Chapter 6 focuses on collocation errors. Following a brief discussion of the properties of collocations, the chapter introduces a range of metrics commonly used to measure the association strength between pairs of words and reviews a number of recent collocation error detection and correction systems.
Chapter 7 moves beyond article, preposition, and collocation errors and examines rule-based and statistical methods for detecting and correcting verb-form, spelling, and punctuation errors and for identifying ungrammatical sentences. A small number of error detection systems for learners of languages other than English are also discussed.
Chapter 8 covers issues with learner error annotation, describes examples of comprehensive and targeted annotation schemes, and proposes three methods for improving the efficiency of large-scale annotation: sampling, crowdsourcing, and mining online revision logs.
Chapter 9 highlights several exciting emerging directions in the field of automated grammatical error correction. These include three recent shared tasks on grammatical error correction, the use of machine translation techniques for grammatical error correction, real-time crowdsourcing of grammatical error correction, and longitudinal studies on the efficacy of automated error correction systems for improving the writing of users of such systems.
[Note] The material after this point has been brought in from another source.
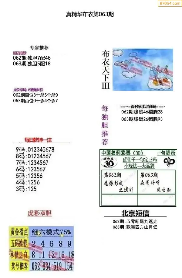 福彩063期3d真精华布衣+布衣早报(转载)

Chapter 10 concludes the book with several suggestions for future research in the field, including annotation for evaluation, error detection for underrepresented languages, research on understudied error types, L1-specific error detection modules, collaboration with second language learning and education groups, and applications of grammatical error correction. The book also includes an Appendix that contains a list of textual learner corpora with at least some publicly accessible URLs or references.
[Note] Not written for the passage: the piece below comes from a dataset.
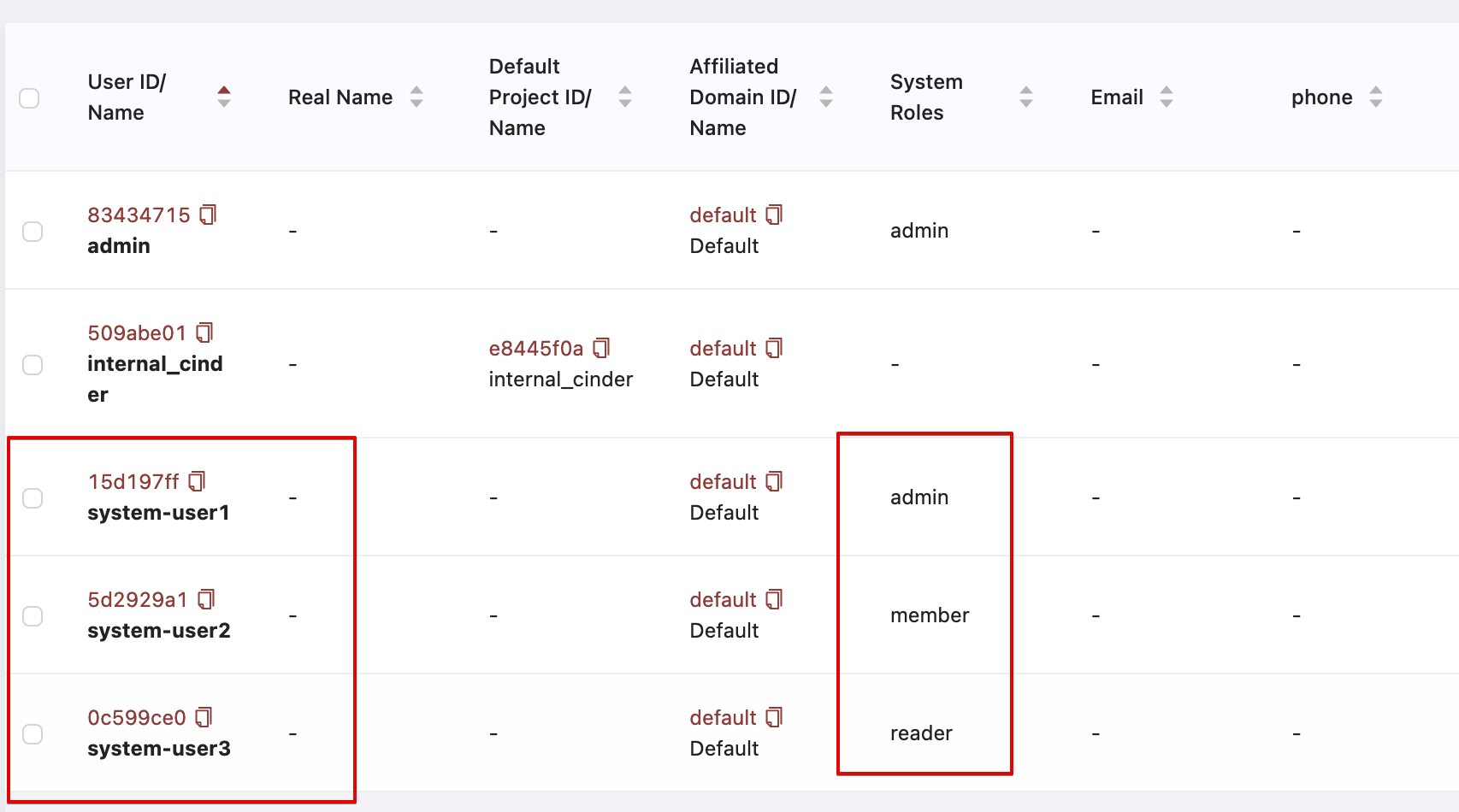 - 모든 Tenant 의 자원 조회 (예: 전체 VM, 네트워크, 볼륨 조회 가능)

I very strongly recommend this book to all NLP students and researchers who are interested in learning about, following, or pursuing research in automated grammatical error detection and correction. Not only does it offer a comprehensive systematic review of research in this field, but it also highlights real challenges and opportunities for fruitful future research. Practitioners and researchers in the language teaching and CALL community can also use this book to obtain a realistic understanding of the state of the art of the field. They will also most certainly welcome the volume's repeated emphasis on the importance for the NLP community to join efforts with the language teaching and CALL community to assess the effect of automated grammatical correction systems on improving the quality of language learners' writing.
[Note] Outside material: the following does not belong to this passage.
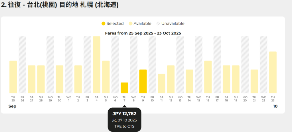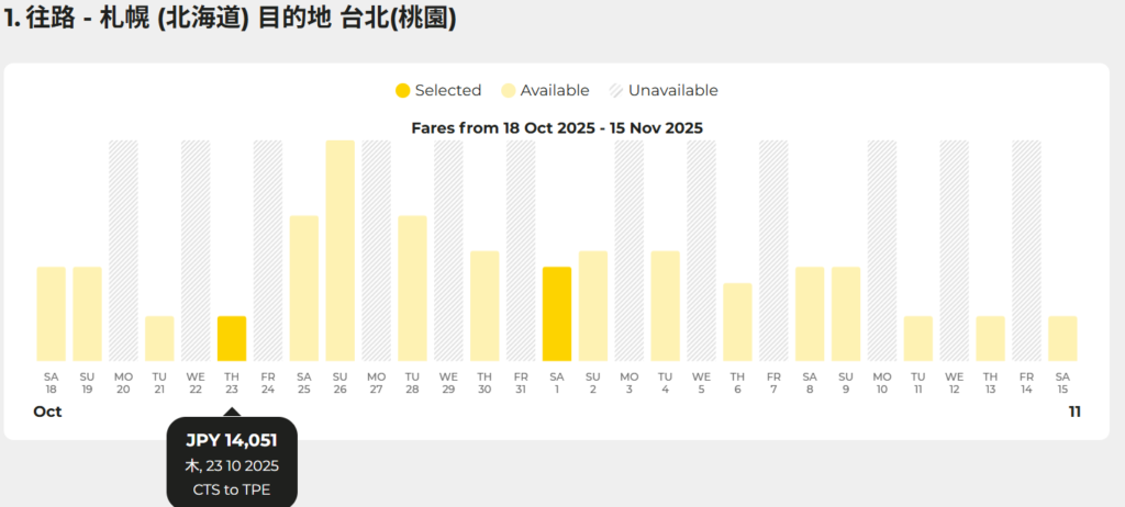 Scoot公式サイトのスクリーンショット 台北/桃園 ⇒ 札幌/新千歳

I have just two minor quibbles with this book. First, it seems that the title may better reflect the content of the book and the goals of the research field in question with the words “and correction” added after “detection.” Second, in both Chapter 3 and Chapter 6, native speakers' preference of powerful computer over strong computer is cited as an example of the arbitrariness of collocations. I do not intend to delve into the debate over whether collocations are arbitrary or linguistically motivated, but I note that the preference in this particular case is not arbitrary but semantically motivated (consider the semantic difference between powerful man and strong man). In fact, this preference merely reflects the fact that we are generally more concerned about the functional power of computers than their physical build, and it would be a false positive if a system marks strong computer as an error in a sentence that talks about a computer that is well-built and not easily breakable.